> _BRIEF_:
Take the entries below and reproduce exactly the portion that begins at the line containing "11月20日下午,市委书记陈" and ends at the line containing "Contact LINE@ only❗️❗️", keeping both ends, dropping pictures, and adding nothing else.

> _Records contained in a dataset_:
▼
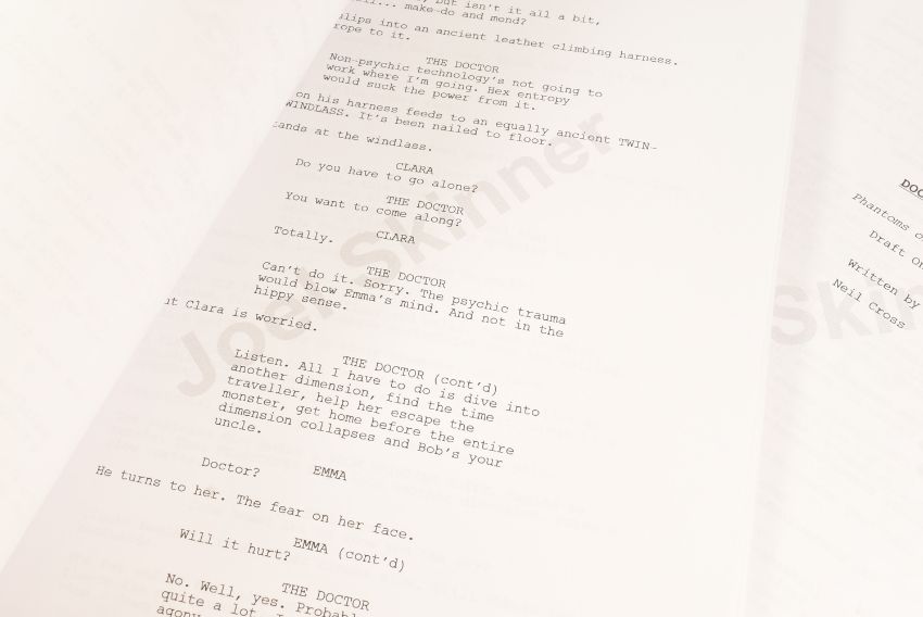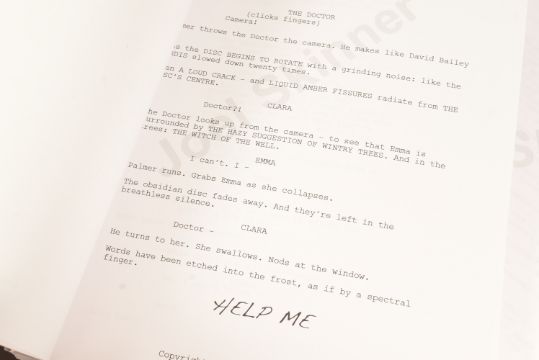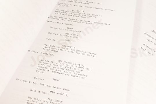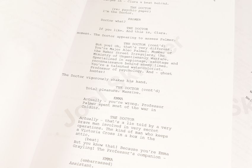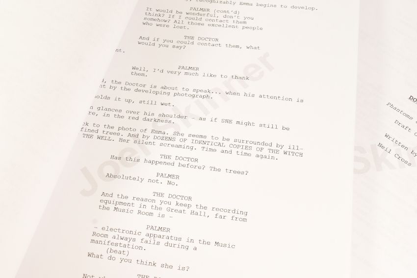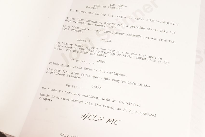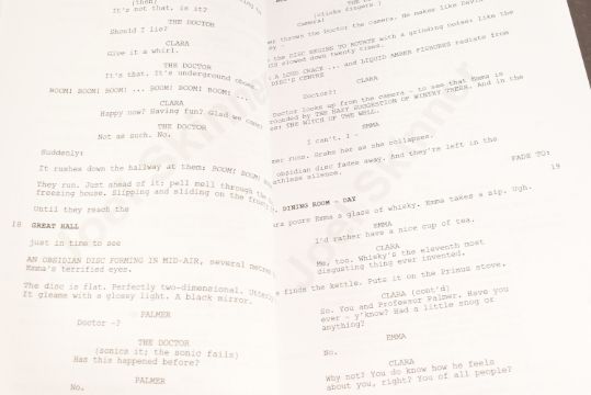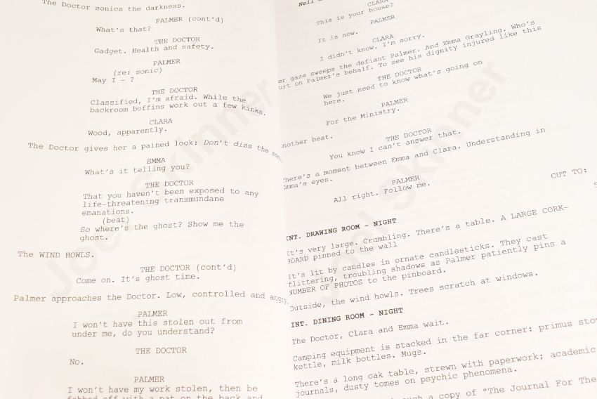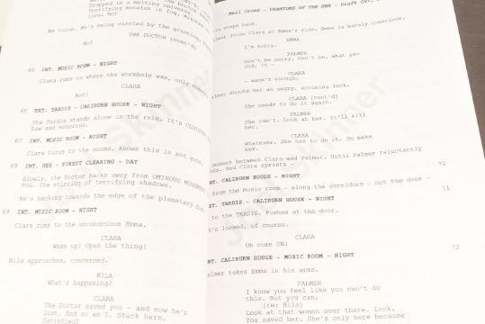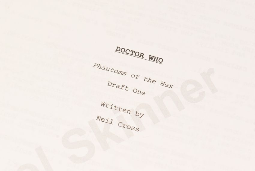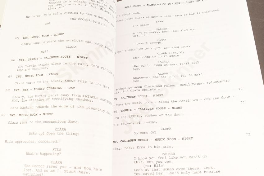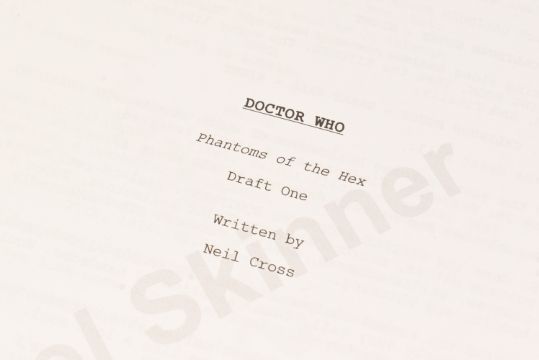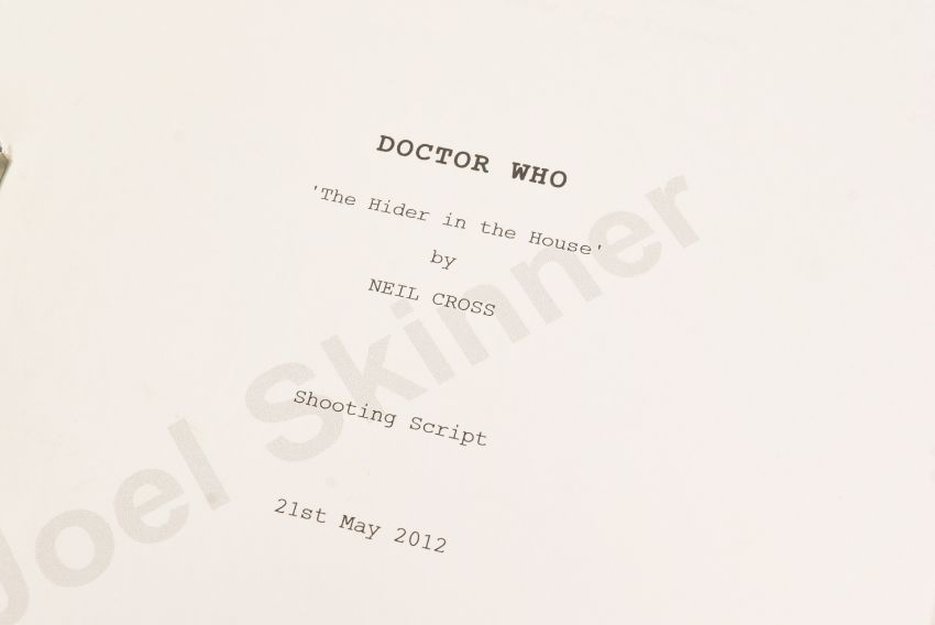 Doctor Who (BBC sci-fi series 1963 to present) - Hide (2013 Eleventh Doctor era) - original production used full shooting script dated 21st May 2012 carrying the working title 'The Hider In The House'. 130pp on white stock. Retains original metal fastner. Along with an earlier draft (dated 2010) for the same episode, this time under the title 'Phantoms Of The Hex' being 56pp double-sided. From a member of the VFX crew. (2)
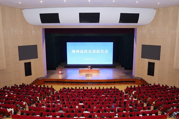 11月20日下午,市委书记陈浩以“我和我的湖州”为题,来校为在湖高校师生代表作宣讲报告。副市长石一婷,湖州学院党委书记金波,湖州职院党委书记金淦英,市委秘书长宋波,市直属有关部门主要负责人,湖州学院、湖州职院相关校领导,校领导班子成员、中层干部、科级干部,以及三所在湖高校师生代表共1500余人参加宣讲报告会。校党委书记许慧霞主持。
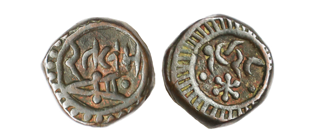Ratlam State, Anonymous Issue, Copper Paisa, 10.22 gms, Obv. battle axe with ankushi, Rev. 'Raej' in dotted circle with partial date below xx44, very fine+, very scarce.
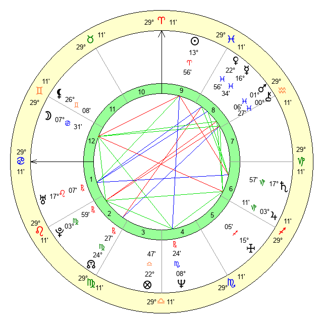 | Venus | 22 Pisces 57 | 26 Pisces 24 | 12 Gemini 50 |
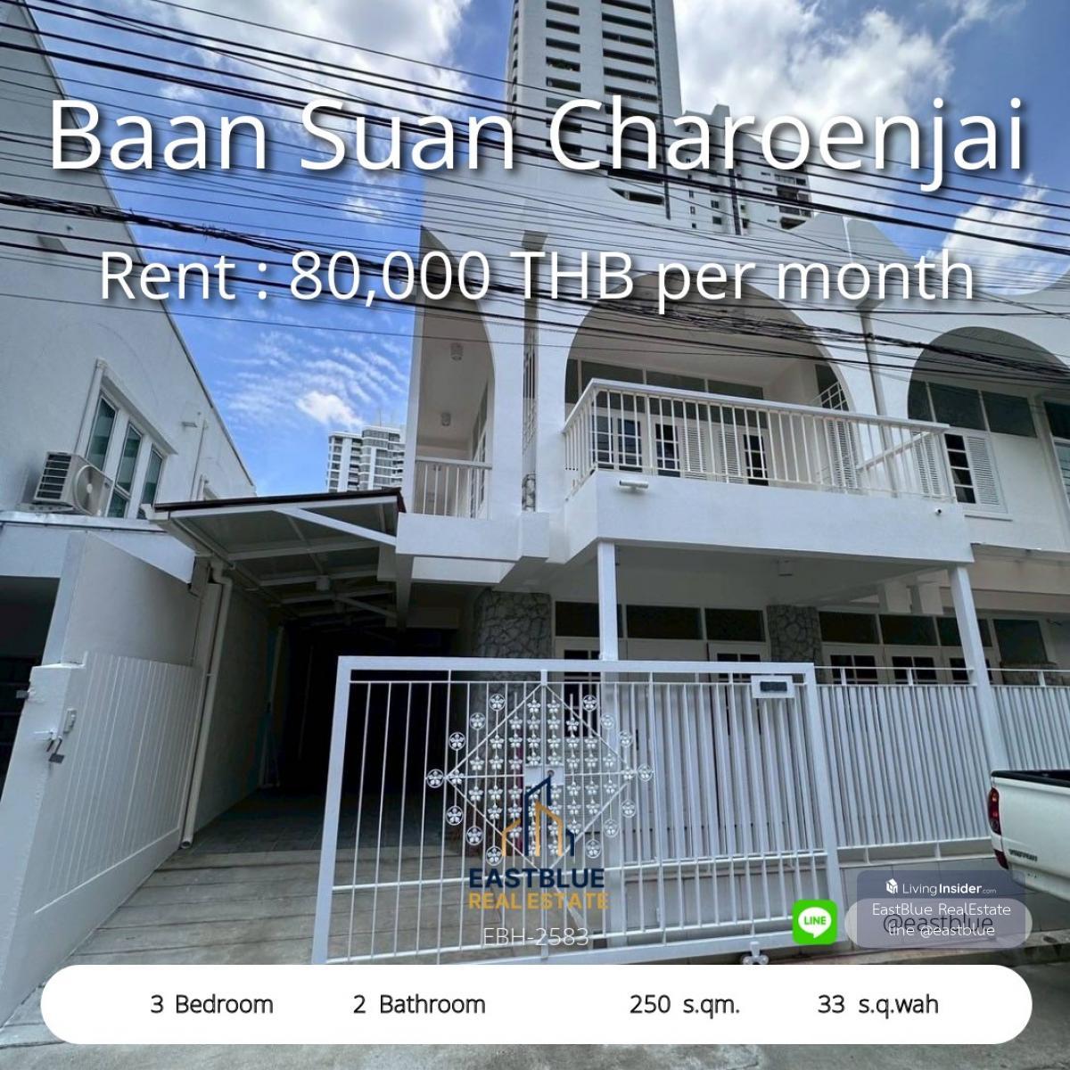 ** Baan Suan Charoenjai-Luxurious Living in Ekkamai ** THIS STUNNING 3-Bedroom, 2-Bathroom House is Available for Ret. Enjoy Spacious Living with a Usable Area of 250 SQM on A Land Size of 33 SQ.WAH. Retal Price: 100,000 THB per Month ** Location: ** • Situated on Soi Ekkamai 12 (Sukhumvit 63), KHLong Tan Nuea, Watthana, Bangkok 10110 ** Transportation: Major Roads Including Sukhumvit 63, Sukhumvit, Pridi Banomyong 71, THONGLOR, and Petchaburi. km) • BTS Thonglor (900 Meters) • BTS Phra Khanong ** Shopping and Lifestyle: ** • EMQUARTIER • EMSPHERE • Terminal 21 (? Thonglor • at Ekkamai Lifestyle Mall • Big C Ekkamai • Gateway Ekkamai • Lotus Rama 4 ** Educational Institutes: ** • Ekamai International School School • Thosri School • Singapore International School Bangkok ** Hospitals: ** ** Additional amenities: ** • 71 Sport Club • Port Authority of Thailand • Customes Deportment Baan Suan Charoenjai Offers A Prime Living Experience in the HEART OF THE CONGENIENT Transport Transport and a Wealth of amenities nearby. Discover your new home today. Project: Baan Suan Charoenjai ID: EBH-2583T1 3 Bed 2 Baht House Area: 250 SQM Land Area: 33 SQ.WAH (? Month Contact, Appointment for Viewing. Line: @eastblue/https://lin.ee/ynwhbfs WhatsApp: Contact number View More listings on our website: https: //www.eastblueeth.com- ❗️❗️Co-Agent Contact LINE@ only❗️❗️
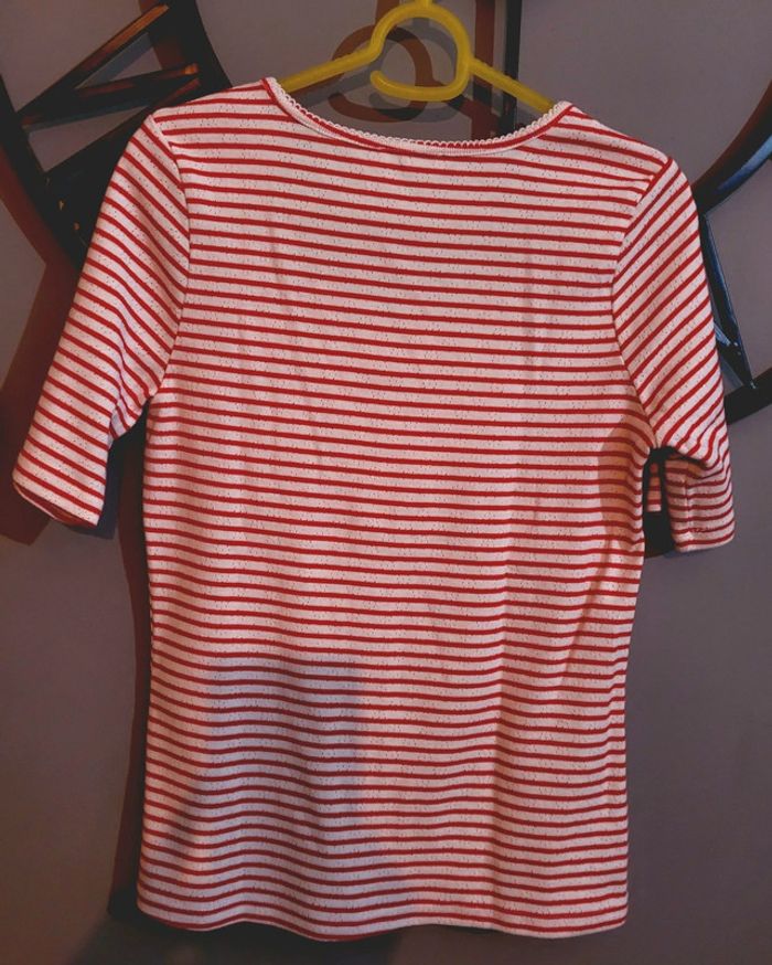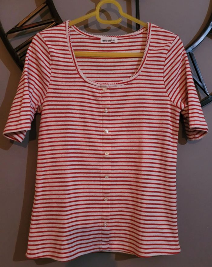Tee shirt Camaïeu Taille 38/M Col rond Manches courtes Rayé blanc et rouge En parfait état comme neuf Étiquette coupé à l intérieur
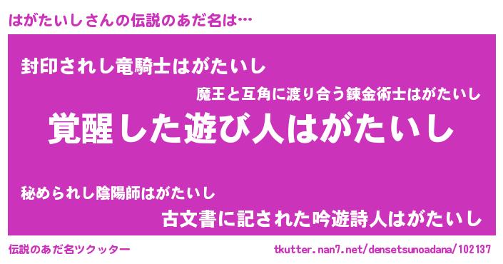 | 男性向けラノベタイトル風あだ名 | 『はがたいしの嫁は女の子じゃないと思った?』 |
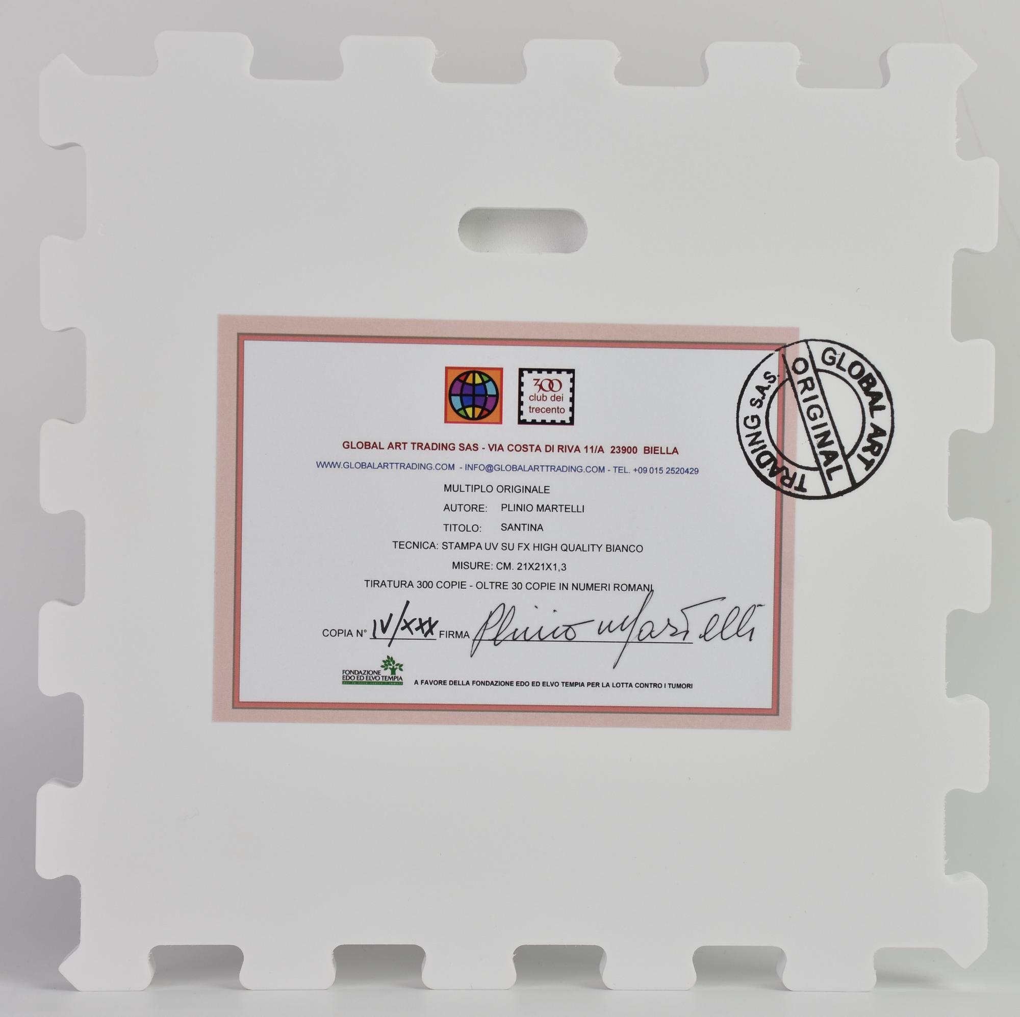 Lot 103 | Plinio Martelli SANTINA stampa UV su FX high quality bianco, cm 21x21x1,3;...
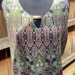 Sunny Leigh top tunic sleeveless orange green white geometric XL FIRM on PRICE
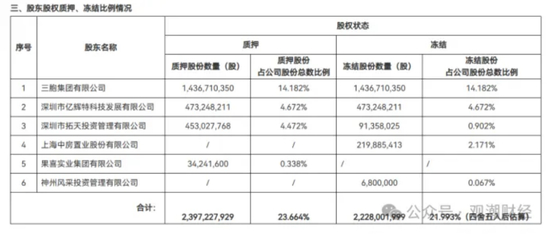 除此之外,幸福人寿还有部分股权处于质押、冻结的异常状态,其中质押股权合计占比23.664%,冻结股权合计占比21.993%股权,均为社团法人股。详情请见(《副总跳级任董事长再添一例!何六艺拟掌舵,幸福人寿遗留问题挑战重重》)。
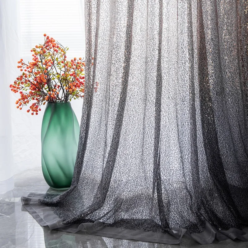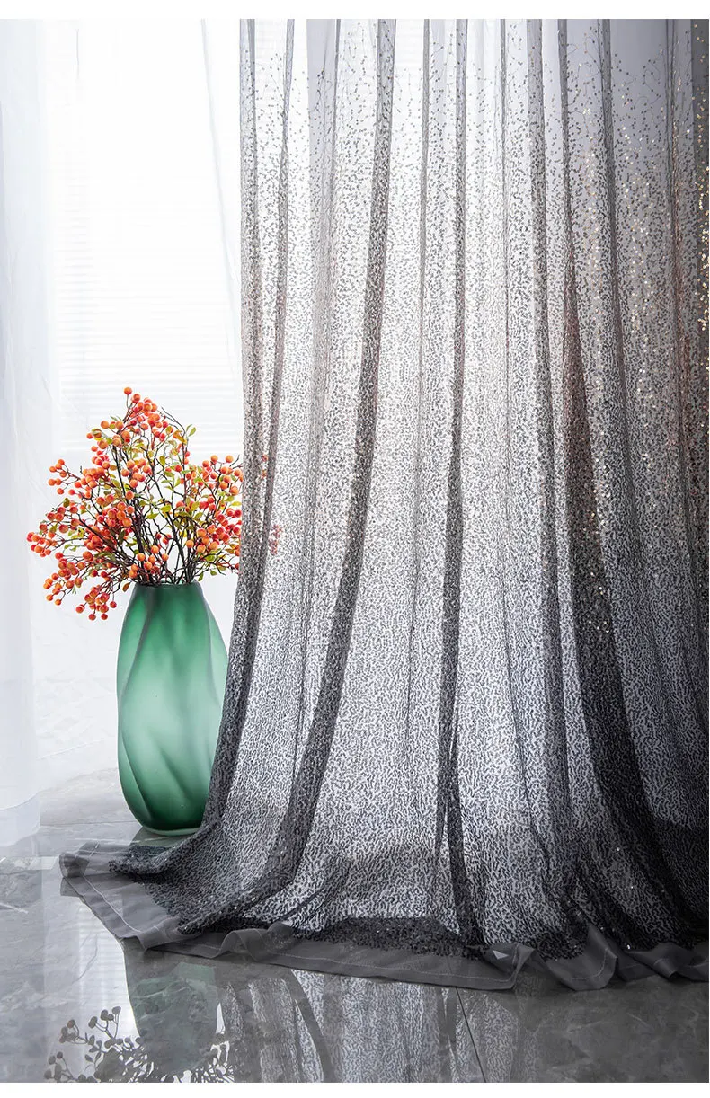 Изысканная Роскошная серая вуаль с золотыми блестками, Блестящий тюль с блестками, прозрачные оконные шторы для гостиной, занавески MY263 #4
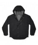 Heavy-duck canvas work jacket is a rugged midweight jacket for warmth in cool conditions. The cotton duck canvas features a wind- and water-resistant DWR finish for long-lasting durability and dry all-day wear. The body and hood are lined with warm and comfortable sherpa, while the flexible gusseted sleeves feature 40 gm quilted insulation for warmth without compromised mobility. For a snug and custom fit that keeps cold air out, this canvas work jacket features rib knit cuffs, an elastic bungee waist, drawstring hood and a long tail that won't ride up. Built for the job, the hood is large enough to be pulled up over hard hats. A zippered closure with snap buttons makes for easy on and off. This sherpa-lined canvas jacket features six pockets for convenient storage.
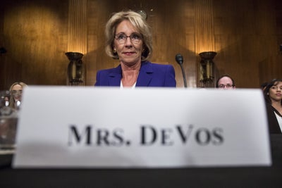 That, in addition to questionable remarks made during the hearings this week, which included her alarming advocacy for guns in school buildings (to support the controversial stance, she suggested that at least one school in Wyoming would need guns to protect against grizzly bears) and her inability to identify the difference between “growth” and “proficiency” regarding student performance.
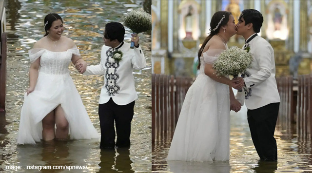 പ്രളയത്തെ തോല്പ്പിച്ച പ്രണയം; മുട്ടറ്റം വെളളത്തില് വിവാഹം, വൈറലായി ഫിലിപ്പീന് ദമ്പതികള്
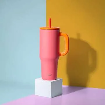 Zak Designs Sutton Travel Tumbler for On the Go, 40oz Stainless Steel with Vacuum Insulation, Silicone Straw, and Carry Handle for Cold Drinks (So Sweet Pink)
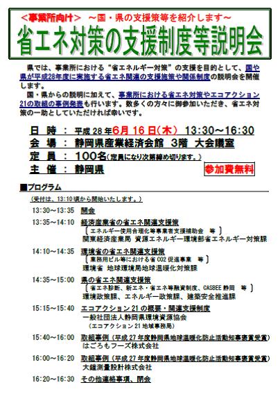 経済産業省、環境省、静岡県が平成28年度に実施する省エネ関連の支援施策や関連制度について詳しい説明を聞くことができます。
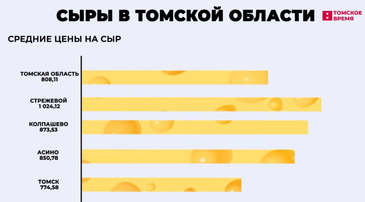Самые низкие цены на твёрдые, полутвёрдые и мягкие сыры были в Томске, а на плавленые – в Асине.
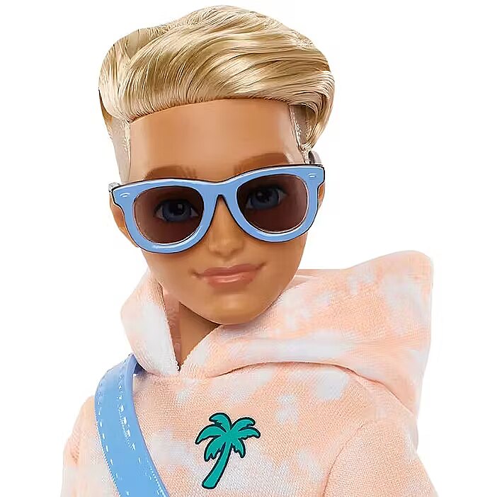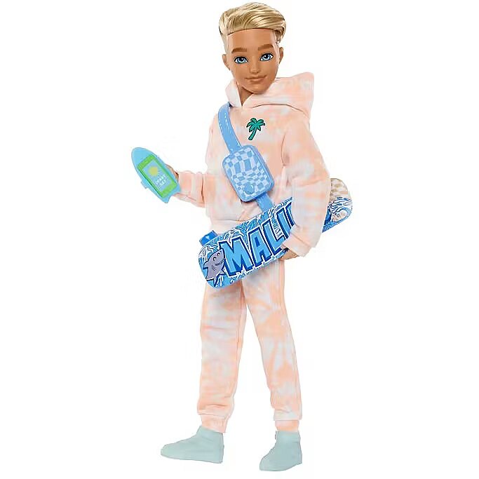 Packaging content - Packaging content - Includes 1 Barbie Dream Besties Ken doll wearing a sweatshirt, sweatpants, and shoes, 1 pair of sunglasses, 1 phone, 1 sunscreen, 1 skateboard, 1 fanny pack, 1 pair of sunglasses, 1 water bottle, 1 surfboard phone case, and 1 ice cream cone. Doll cannot stand alone. Colours and decorations may vary.
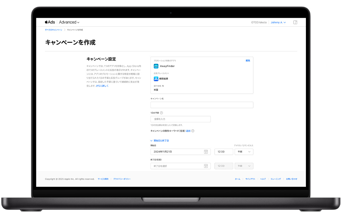 Apple Adsキャンペーンのスケジュールは、キャンペーン作成時、またはキャンペーン設定の編集から設定することができます。キャンペーンのスケジューリング機能は、季節的なプロモーション、期間や時間が細かく区切られたマーケティングキャンペーン、イベントで役立ちます。たとえば、毎年恒例のイベントに対応するアプリを扱っている場合、そうしたイベントに合わせてキャンペーンのスケジュールを設定できます。
▲
> _RESULT FOR THIS TASK_:
 11月20日下午,市委书记陈浩以“我和我的湖州”为题,来校为在湖高校师生代表作宣讲报告。副市长石一婷,湖州学院党委书记金波,湖州职院党委书记金淦英,市委秘书长宋波,市直属有关部门主要负责人,湖州学院、湖州职院相关校领导,校领导班子成员、中层干部、科级干部,以及三所在湖高校师生代表共1500余人参加宣讲报告会。校党委书记许慧霞主持。
Ratlam State, Anonymous Issue, Copper Paisa, 10.22 gms, Obv. battle axe with ankushi, Rev. 'Raej' in dotted circle with partial date below xx44, very fine+, very scarce.
 | Venus | 22 Pisces 57 | 26 Pisces 24 | 12 Gemini 50 |
 ** Baan Suan Charoenjai-Luxurious Living in Ekkamai ** THIS STUNNING 3-Bedroom, 2-Bathroom House is Available for Ret. Enjoy Spacious Living with a Usable Area of 250 SQM on A Land Size of 33 SQ.WAH. Retal Price: 100,000 THB per Month ** Location: ** • Situated on Soi Ekkamai 12 (Sukhumvit 63), KHLong Tan Nuea, Watthana, Bangkok 10110 ** Transportation: Major Roads Including Sukhumvit 63, Sukhumvit, Pridi Banomyong 71, THONGLOR, and Petchaburi. km) • BTS Thonglor (900 Meters) • BTS Phra Khanong ** Shopping and Lifestyle: ** • EMQUARTIER • EMSPHERE • Terminal 21 (? Thonglor • at Ekkamai Lifestyle Mall • Big C Ekkamai • Gateway Ekkamai • Lotus Rama 4 ** Educational Institutes: ** • Ekamai International School School • Thosri School • Singapore International School Bangkok ** Hospitals: ** ** Additional amenities: ** • 71 Sport Club • Port Authority of Thailand • Customes Deportment Baan Suan Charoenjai Offers A Prime Living Experience in the HEART OF THE CONGENIENT Transport Transport and a Wealth of amenities nearby. Discover your new home today. Project: Baan Suan Charoenjai ID: EBH-2583T1 3 Bed 2 Baht House Area: 250 SQM Land Area: 33 SQ.WAH (? Month Contact, Appointment for Viewing. Line: @eastblue/https://lin.ee/ynwhbfs WhatsApp: Contact number View More listings on our website: https: //www.eastblueeth.com- ❗️❗️Co-Agent Contact LINE@ only❗️❗️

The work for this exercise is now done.